With that we have all that's needed to create our own `IterableDataset` (which is a helper class provided by PyTorch) for preparing constant-length inputs for the model. We just need to inherit from `IterableDataset` and set up the `__iter__()` function that yields the next element with the logic we just walked through:

In [30]:
class InfiniteConstantLengthDataset(IterableDataset):
    def __init__(
        self,
        tokenizer,
        dataset,
        text_attribute_name,
        seq_length=1024,
        num_of_sequences=1024,
        chars_per_token=3.6,
        debug=False,
    ):
        """
        Create a custom dataset for constant-length sequences for language modeling.

        Args:
            tokenizer (transformers.PreTrainedTokenizer): A tokenizer object for text preprocessing.
            dataset (torch.utils.data.Dataset): An existing dataset containing text examples.
            seq_length (int): The desired sequence length for language modeling.
            num_of_sequences (int): The number of sequences to concatenate.
            chars_per_token (float): Average number of characters per token in the text data.
        """
        self.tokenizer = tokenizer
        self.concat_token_id = tokenizer.eos_token_id  # End-of-sequence token ID
        self.dataset = dataset
        self.text_attribute_name = text_attribute_name  # name of the "column" that contains the text in the HF dataset (e.g., "content", "text", etc)
        self.seq_length = seq_length
        self.input_characters = seq_length * chars_per_token * num_of_sequences# buffer size
        self.debug = debug

    def __iter__(self):
        """
        Iterator function for the dataset.
        """
        iterator = iter(self.dataset)
        more_examples = True
        while more_examples:
            buffer, buffer_len = [], 0
            while True:
                # Check if the buffer has reached the desired character limit
                if buffer_len >= self.input_characters:
                    if self.debug:
                        print(f"Buffer full: {buffer_len}>={self.input_characters:.0f}")

                    break
                try:
                    if self.debug:
                        print(f"Fill buffer: {buffer_len}<{self.input_characters:.0f}")

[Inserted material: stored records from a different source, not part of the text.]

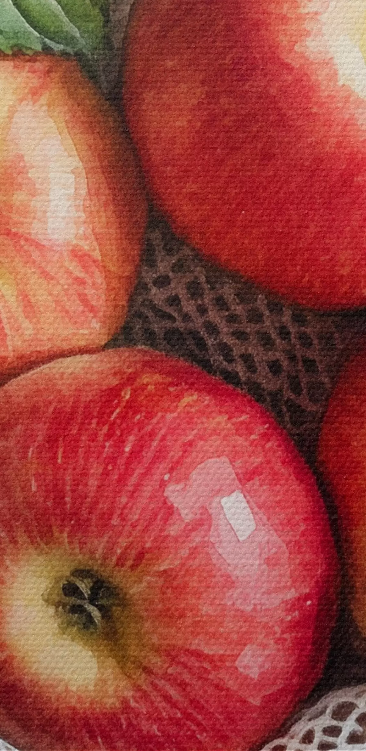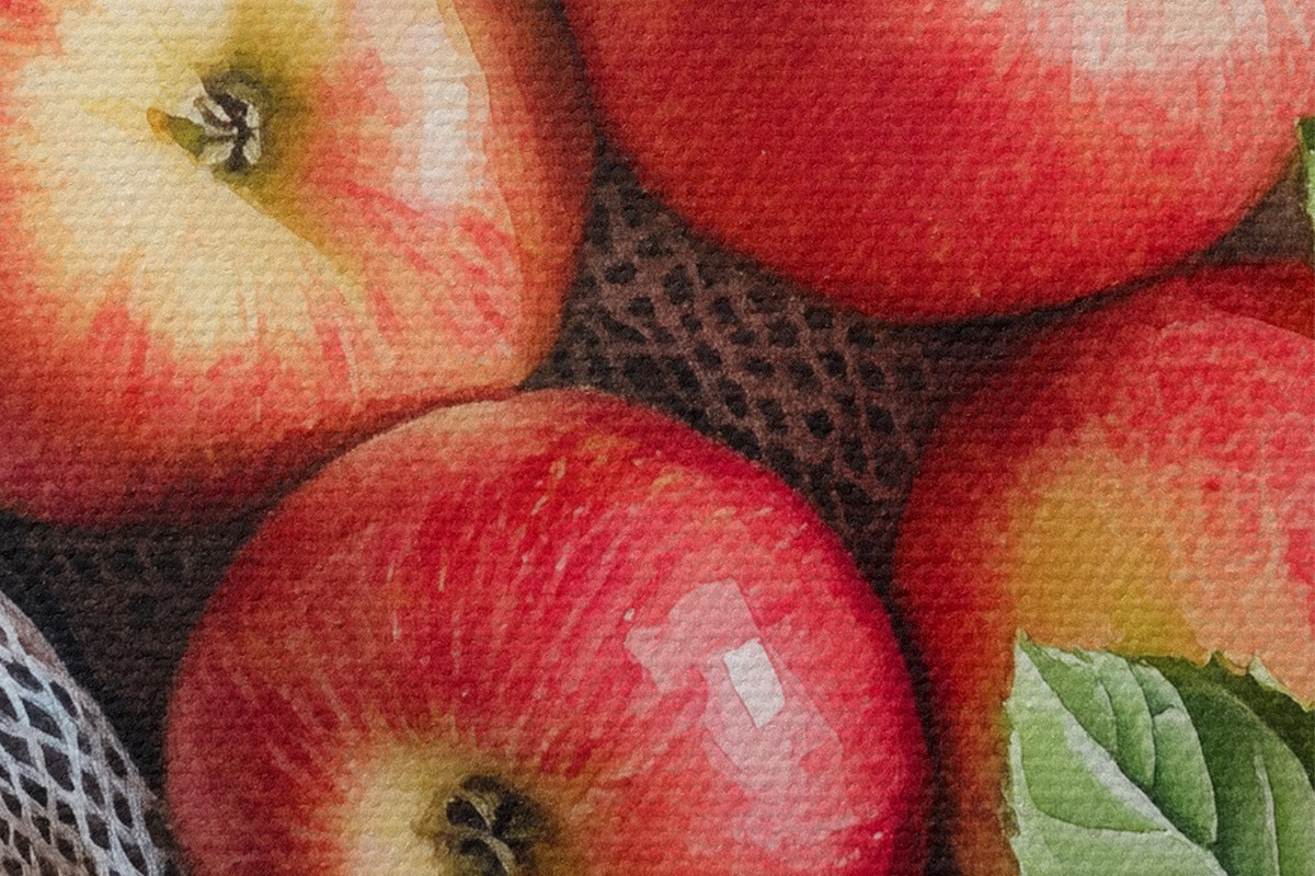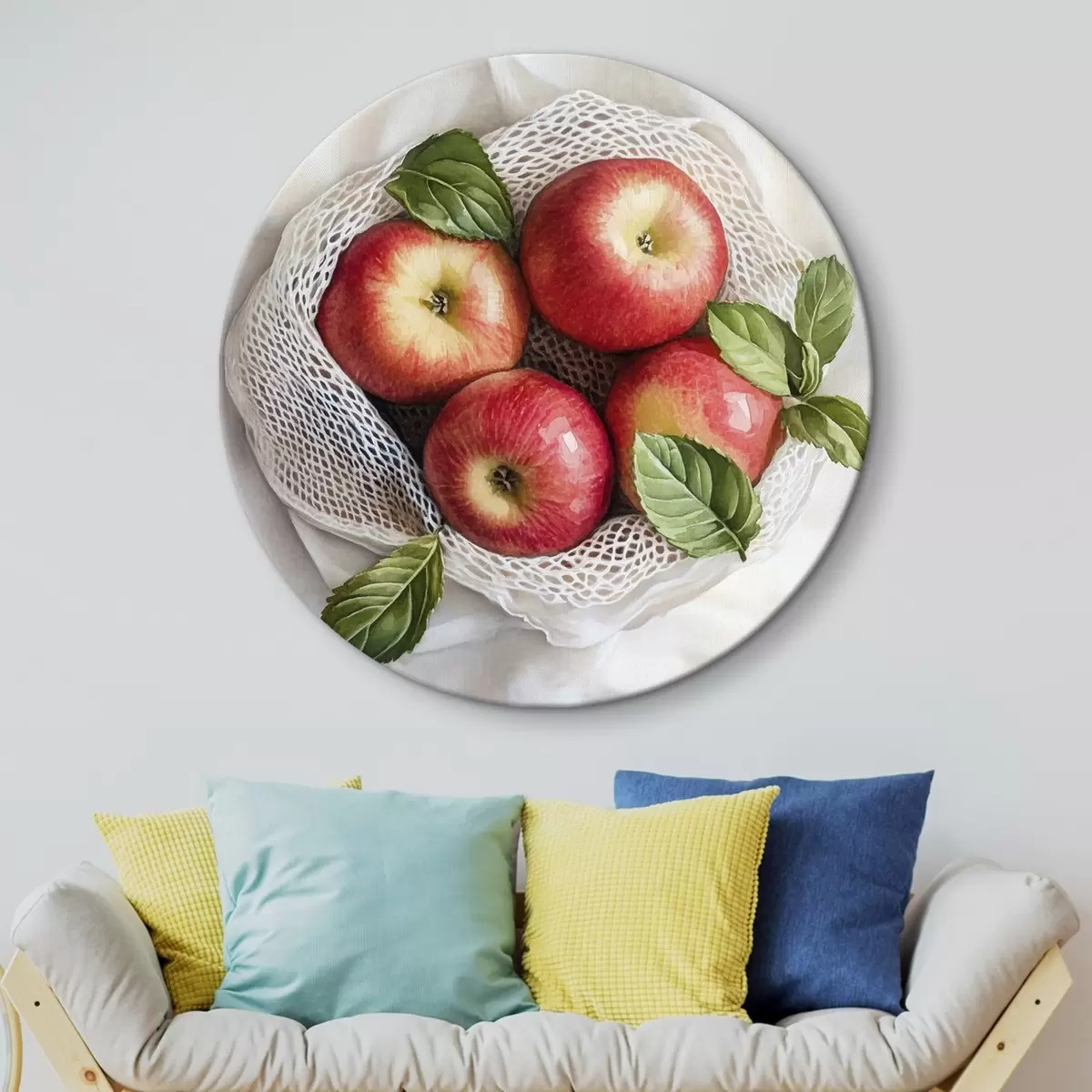 Runde Wandbilder Rote Äpfel in der Leinentasche mit Minzblättern, rustikaler Stil, Früchte r44609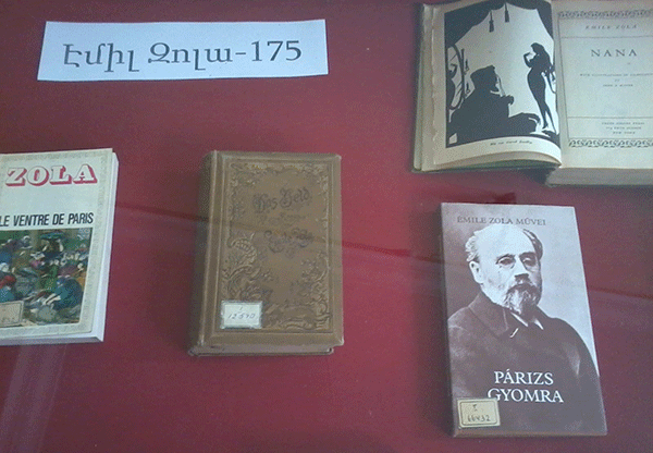 Այդ առթիվ Հայաստանի ազգային գրադարանը ֆրանկոֆոնիայի երկամսյա միջոցառումների շրջանակներում այսօր Զոլայի և Մորուայի գրքերի ցուցադրություն էր կազմակերպել: Ցուցասրահում ներկայացված էին անվանի գրողների գործերը տարբեր լեզուներով: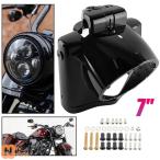 【並行輸入品】 5 3/4インチ バイク用ブラックヘッドライトマスクフロントカウルフォークマウントヘッドライトフェアリング ハーレーダビッドソン用ダイナスポ
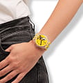 Часы Swatch SO29Z101 — стильный и надежный аксессуар. Эти позитивные часы имеют прозрачный корпус из биоматериала, желтый силиконовый ремешок, черные стрелки и индексы, принт на всей поверхности Swatch X Peanuts. Циферблат покрыт биостеклом. Мерцающий блеск модели обусловлен особым методом гравированной отделки. Ремешок на классической застежке. Внутри часов установлен надежный кварцевый механизм, который обеспечивает точность хода. Эти часы водонепроницаемы до 30 метров, что позволяет не беспокоиться о случайных брызгах или дождевых каплях. Swatch SO29Z101 — это идеальный выбор для тех, кто ценит сочетание стиля, комфорта и функциональности в одном аксессуаре.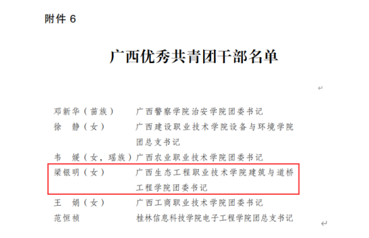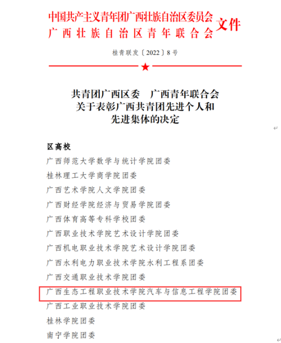 近日,根据共青团广西区委、广西壮族自治区共同印发的《共青团广西区委、广西青年联合会关于表彰广西共青团先进个人和先进集体的决定》(桂青联发〔2022〕8号),pg娱乐汽车与信息工程学院团委荣获2021年度“广西五四红旗团委”称号、建筑与道桥工程学院团委书记梁银明荣获2021年度“广西优秀共青团干部”称号。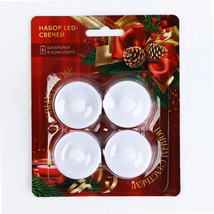 Свечи светодиодные новогодние «С новым счастьем», красные, набор 4 шт, 4,7 х 3,6 см, модель AR-0003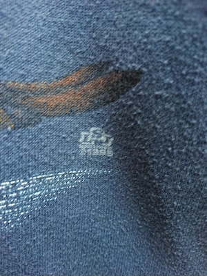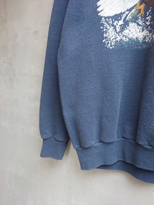 1990s EAGLE PRINT SWEAT SHIRTS PRICE : 9800+tax (10780 tax included) SIZE : L(肩幅63cm身幅59cm着丈69cm袖丈60cm) 1990年代 アニマルプリントのスウェットになります。ネイビーボディにイーグルのプリント。色褪せたネイビーカラーも良い感じの雰囲気です。ヴィンテージスウェットのハズシで着てもらうのも格好良いです。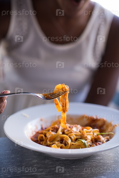 Девушка кушает макароны

                    # Append the content of the next example to the buffer
                    buffer.append(next(iterator)[self.text_attribute_name])
                    buffer_len += len(buffer[-1])
                except StopIteration:
                    # If there are no more examples, reset the iterator to reuse the dataset
                    if buffer_len > 0:
                        iterator = iter(self.dataset)
                    # Unless the buffer has size 0, when we stop to avoid infinite loops
                    else:
                        more_examples = False
                        break

            if more_examples:
                # Once the buffer is filled with characters, we tokenize them and prepare the sequences
                # with the specified length
                all_token_ids = []
                tokenized_buffer = self.tokenizer(buffer, truncation=False)
                for tokenized_input in tokenized_buffer["input_ids"]:
                    # Extend the list of token IDs with end-of-sequence token IDs
                    all_token_ids.extend(tokenized_input + [self.concat_token_id])

                for i in range(0, len(all_token_ids), self.seq_length):
                    input_ids = all_token_ids[i : i + self.seq_length]
                    if len(input_ids) == self.seq_length:
                        # Yield a tensor representing a sequence of the specified length
                        yield torch.tensor(input_ids)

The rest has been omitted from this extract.